Because ERP systems are designed to read the BOM for transactional purposes only, most lack effective change functionality and are not conducive to departmental collaboration around the product record. Change history documentation is vital to understanding which change has occurred and when the change went into effect. Engineering departments also require accurate change history information to track design changes and collaborate around product data.
Ultimately, an organization that implements an ERP system without a complementary PLM system risks mismanaging product changes and conducting inaccurate financial planning. Organizations utilizing less robust solutions like Excel to manage BOMs and changes also put a company at risk for costly errors.
What problems arise when implementing ERP before PLM
Manufacturers that begin with an ERP system and then implement a PLM system can face various challenges to effectively manage the product record. For example, an engineering team without access to a PLM system to centralize designs and track revisions risks submitting inaccurate product data to an ERP system.

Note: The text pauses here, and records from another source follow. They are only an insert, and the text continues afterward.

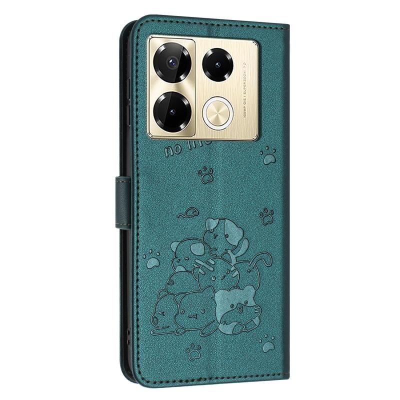 Θήκη δερμάτινη για Infinix Note 40 Pro 4G / 5G με ανάγλυφο σχέδιο γατάκι και λουρί (Μωβ)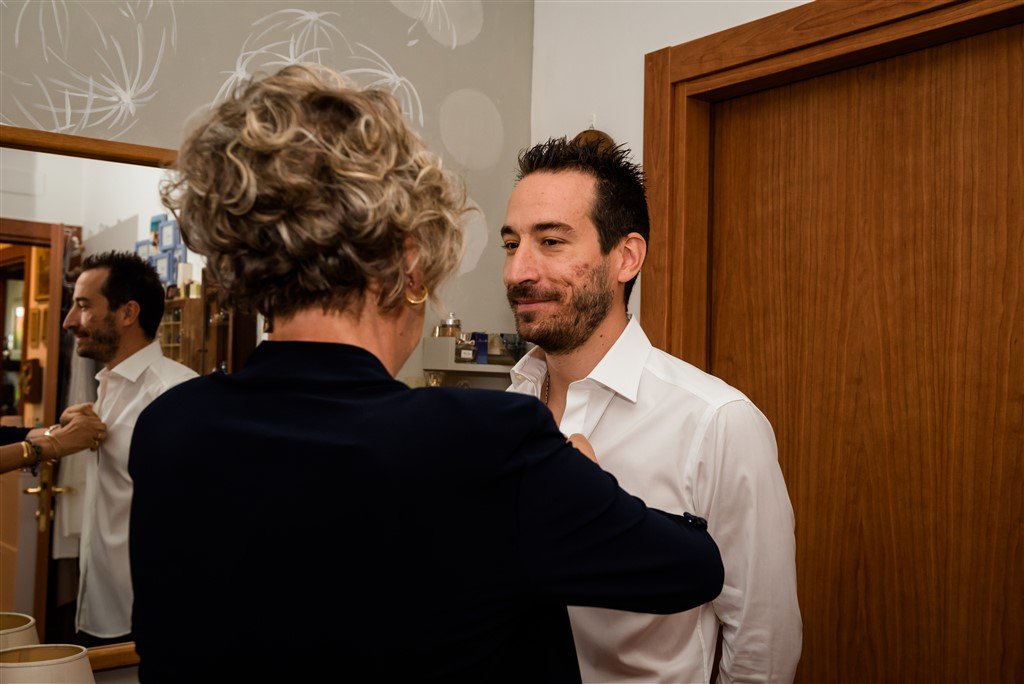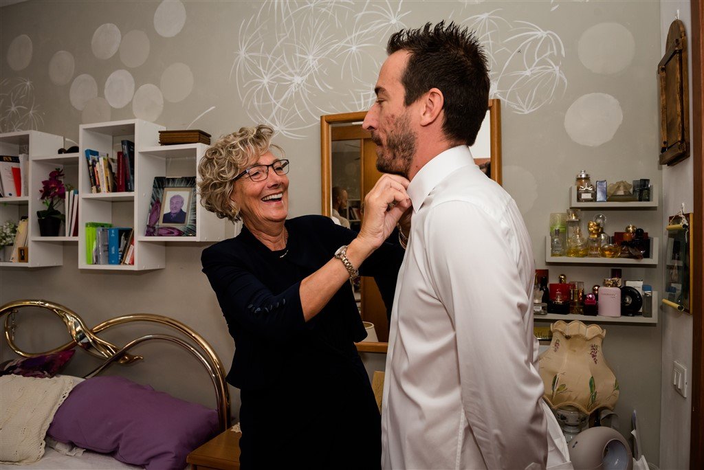 La preparazione del trucco e parrucco e la vestizione si sono svolte in piena allegria in compagnia anche delle sue damigelle che l’hanno aiutata e l’hanno supportata per il momento di emozione che stava vivendo.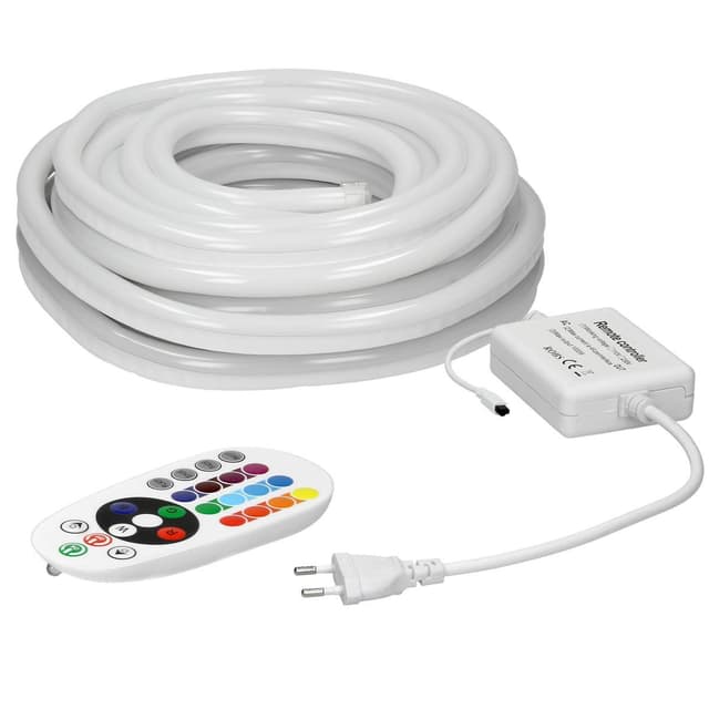 Leveringsomfang: 1 x LED Neon bar 9m RGB 1 x LED controller 1 x Fjernbetjening 24 taster Tekniske specifikationer: Model RGB LED Neon Størrelse: 12 x 20 mm Driftsspænding: 230V LED type: SMD LED-chip: 5050 Antal lysdioder: / m 60 lLæs mere om produktet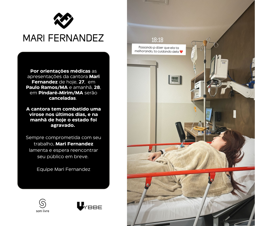 “Por orientações médicas as apresentações da cantora Mari Fernandez de hoje, 27, em Paulo Ramos (MA) e amanhã, 28, em Pindaré-Mirim (MA) serão canceladas. A cantora tem combatido uma virose nos últimos dias, e na manhã de hoje o estado foi agravado”, diz o comunicado publicado em suas redes sociais.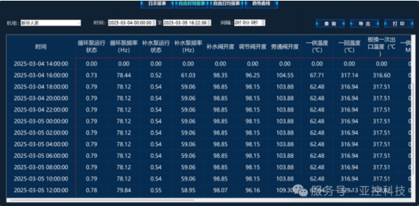 数据管理子系统支持自定义查询时间段、机组及时间间隔,以报表形式展示隔压站、大温差机组的运行参数。报表涵盖循环泵频率、供回水温、阀门开度等关键数据,支持导出与打印,为运维复盘、能耗分析及调度优化提供直观数据支持。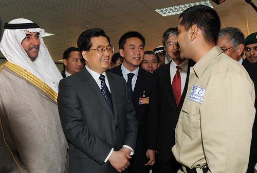 2月11日,正在沙特阿拉伯進(jìn)行國事訪問的國家主席胡錦濤在利雅得參觀中沙經(jīng)濟(jì)和科技合作項(xiàng)目。這是胡錦濤主席在中國公司承建的利雅得水泥公司同沙方員工親切交談。 新華社記者 饒愛民 攝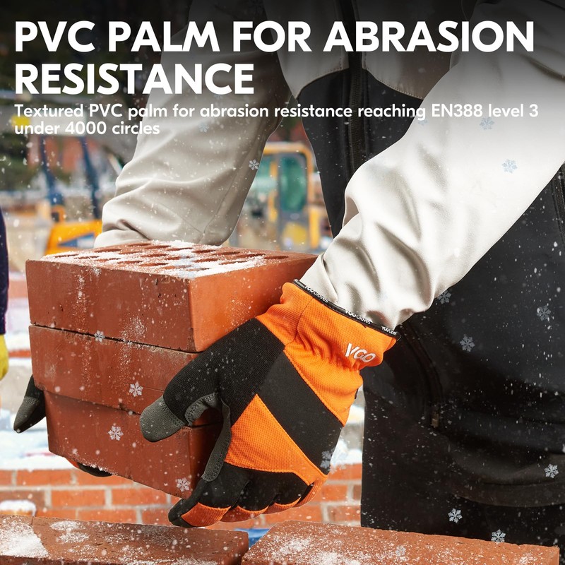 - ABRASION RESISTANCE & DEXTERITY - Durable PVC Palm for abrasion reaching EN388 level 3 under 4000 circles. Stretachable back with elastic cuff offers dexterity

By managing product documentation and revision changes in a PLM system and then syncing final product data to an ERP tool, companies can avoid wrong part ordering and prevent inefficient spending. Product recalls and violating compliance regulations are other issues that can arise when product data is not first managed in a PLM system.
Synchronizing data and building a data connection may also be more cumbersome for a company when it implements a PLM system after an ERP system is already up and running. The time and money it takes to determine what product data should migrate from an existing ERP system to a PLM system are much better spent elsewhere in the production process. By storing product data in a PLM system and then migrating to an ERP system, a company will enjoy a more cohesive and efficient manufacturing process with fewer oversights.
Conclusion: Order of tool implementation matters
ERP systems and PLM systems have distinct functionalities which, when used together, give an organization complete control over its manufacturing processes. These tools, however, are not interchangeable. An ERP system helps a company manage the transactional activities around building a product, while a PLM system tells the story of a product at a specific point in time and the history of the product record.
Establishing your manufacturing process with an effective PLM system before integrating with a compatible ERP system will minimize organizational inefficiencies and transition costs as well as optimize the capabilities of each system across the entire organization.